In total, 207 people were invited to participate in the Delphi study, and response rates in the 2 rounds were 44% and 41%, respectively (Fig. 1). Most participants were from the United States, the Netherlands, United Kingdom, and Australia; the most represented disciplines were epidemiology, physical therapy, human movement sciences, psychology, and orthopedics (Table 2). In Round 1, 13 participants had LBP: 11 were male, mean (SD) age was 56 (8) years, 7 were classified as nsLBP by a health care professional, 11 with pain lasting for more than 1 year, 1 with pain spreading down the legs, and none having received a LBP operation or disability compensation. In round 2, 14 participants reported LBP with similar characteristics.
Figure 1.

Flowchart of participants in the Delphi study on core outcome measurement instruments for clinical trials in nonspecific low back pain (LBP).

Table 2

Characteristics of participants in the Delphi study.

Flowchart of participants in the Delphi study on core outcome measurement instruments for clinical trials in nonspecific low back pain (LBP).
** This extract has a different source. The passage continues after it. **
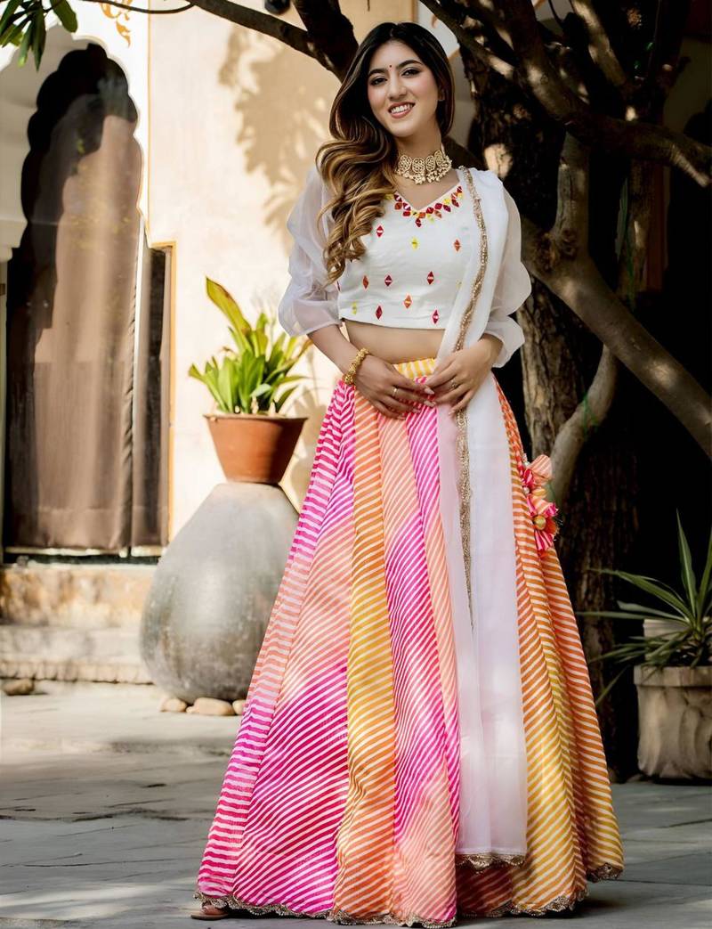 If you find the product for less we'll match it! Know MoreEmbrace vibrant traditions with this white and multi-colored leheriya stripe lehenga. The skirt features a stunning gradient of pink, orange, and yellow, beautifully balanced by a minimalist white embroidered blouse and a sheer organza jacket. This fresh, playful ensemble is perfect for Mehendi ceremonies and festive daytime celebrations.

Characteristics of participants in the Delphi study.

3.3.1. Delphi round 1

In the first round, there was a consensus (90%) to provisionally recommend core outcome measurement instruments, despite the absence of adequate evidence to support the PROMs' content validity. Several participants emphasized that core instruments should be recommended because COS development and/or PROM validity are moving fields in which results are always provisional, meaning that this should not refrain from providing recommendations on the best available instruments. There was also a consensus (90%) to reduce the list of potential core instruments for physical functioning because for 8 of them (ODI 1.0, Chiropractic Low Back Pain Disability Questionnaire [CLBPDQ], Modified Low Back Pain Disability Questionnaire [MLBPDQ], RMDQ-18, LBPRS, PROMIS-PF-4, PROMIS-PF-6, and PROMIS-PF-10), there were also convincing arguments for not being endorsed. Main reasons were that some of these PROMs were cross culturally adapted in very few languages (ie, ODI 1.0, CLBPDQ, MLBPDQ, and LBPRS-DI)[18] or they could be extracted from other instruments included in the list of potential core instruments (ie, RMDQ-18, PROMIS-PF-4, PROMIS-PF-6, and PROMIS-PF-10). Regarding the remaining physical functioning PROMs, 78% of the panel agreed to endorse ODI 2.1a as a core outcome measurement instrument, whereas 71% and 70% agreed on not endorsing RMDQ-23 and MPI-PI, respectively (Fig. 2). No consensus was reached on the other 6 PROMs, with Quebec Back Pain Disability Scale (QBPDS) (62% in favor and 24% unsure) and RMDQ-24 (50% in favor and 26% unsure) being the second and third highest in endorsement (Fig. 2). These results were consistent across stakeholder groups.
Figure 2.

Delphi endorsement of 9 physical functioning tools as core outcome measurement instruments for clinical trials in nonspecific low back pain (round 1).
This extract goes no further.